Allow customer encryption key validation time interval
Currently, Atlas has a 15 minute interval where it checks access to remotely stored Customer Managed Encryption keys for the custom encryption at rest feature.
This value is not changeable, and it implies a problem: access to encryption keys can be lost for longer periods than 15 minutes without that implying that the key has been invalidated by the customer.

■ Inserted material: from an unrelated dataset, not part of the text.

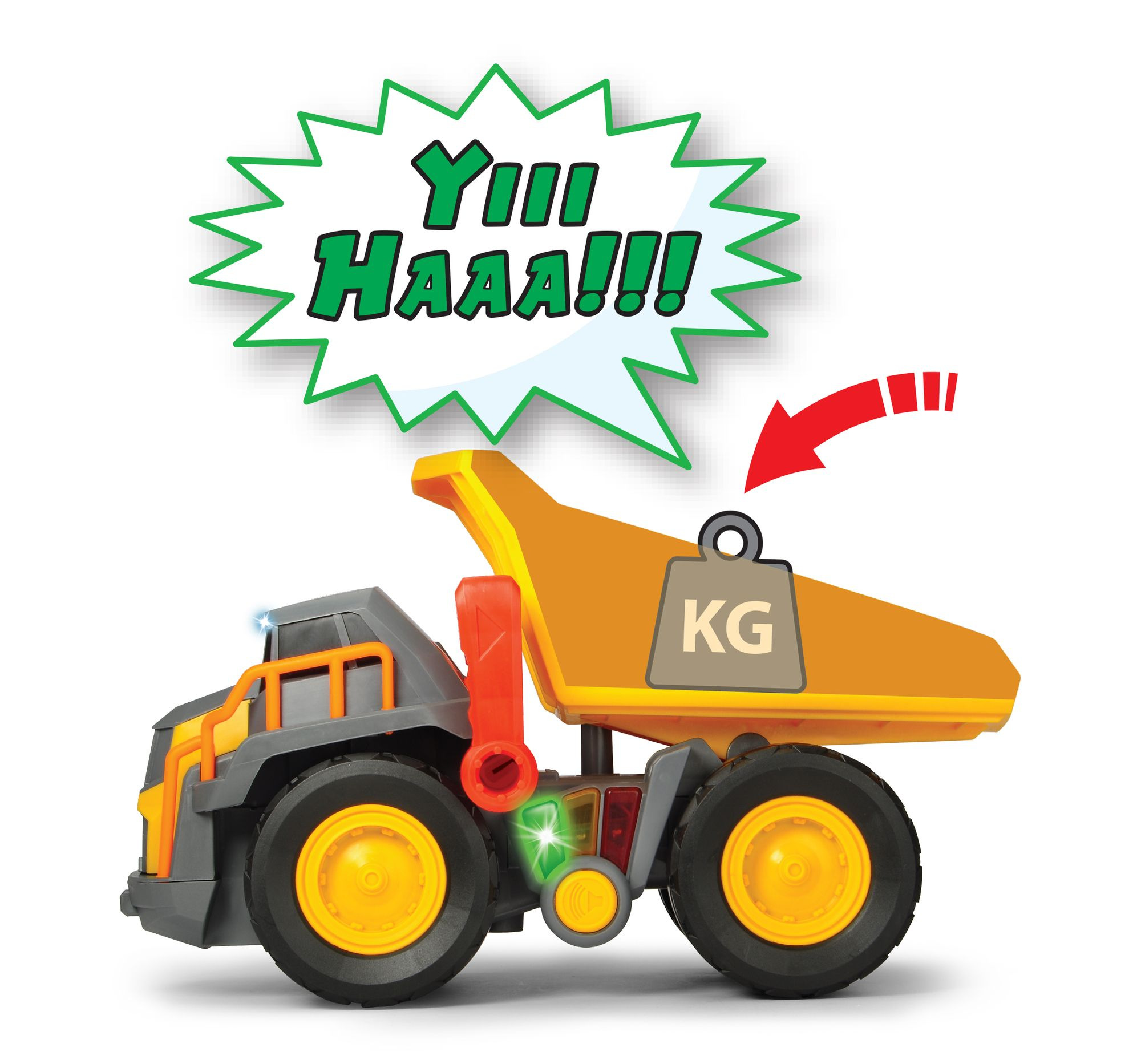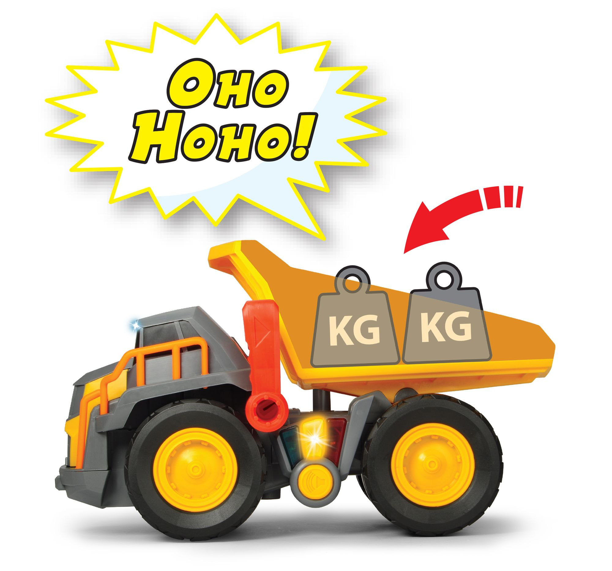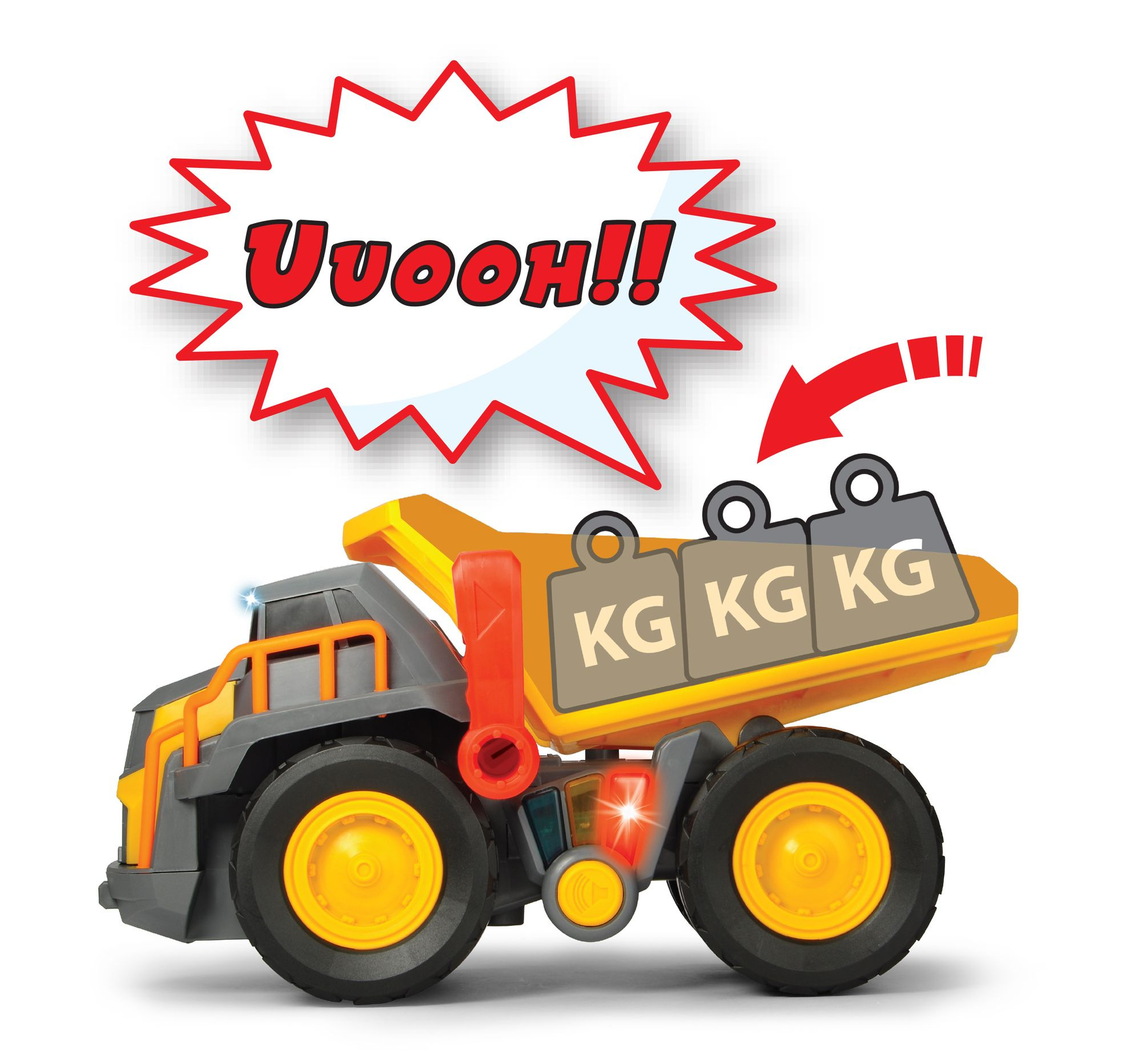 Volvo Radlader mit großen Rädern im Leerlauf, Sound- und Lichteffekte, beweglicher Laderaum, erkennt 3 verschiedene Gewichte. Größe 30 cm.

A perfect example of this was the recent Azure AD global outage that prevented all authentication to the Azure platform for about 3 hours (complete outage description: https://app.azure.com/h/SM79-F88/691d78). While the key used for one of our clusters was not invalidated nor the credentials rotated, the whole cluster went down just because the auth mechanism was failing. This impacted our customers and would have easily been mitigated if the time interval for key access checking would have been longer.
-
Guido, Victor,
Please accept our apologies for the availability consequences of the Azure outage you mentioned: You have my commitment that we are making changes on our side so that the Azure outage you mentioned does *not* in future lead to Atlas cluster shutdown--we will instead treat transient errors like this differently.
-Andrew (VP Cloud Products)
-
Victor commented
I second this. Being able to configure it, or even to temporarily pause this check could be real useful to prevent downtime in case of vault unavailability.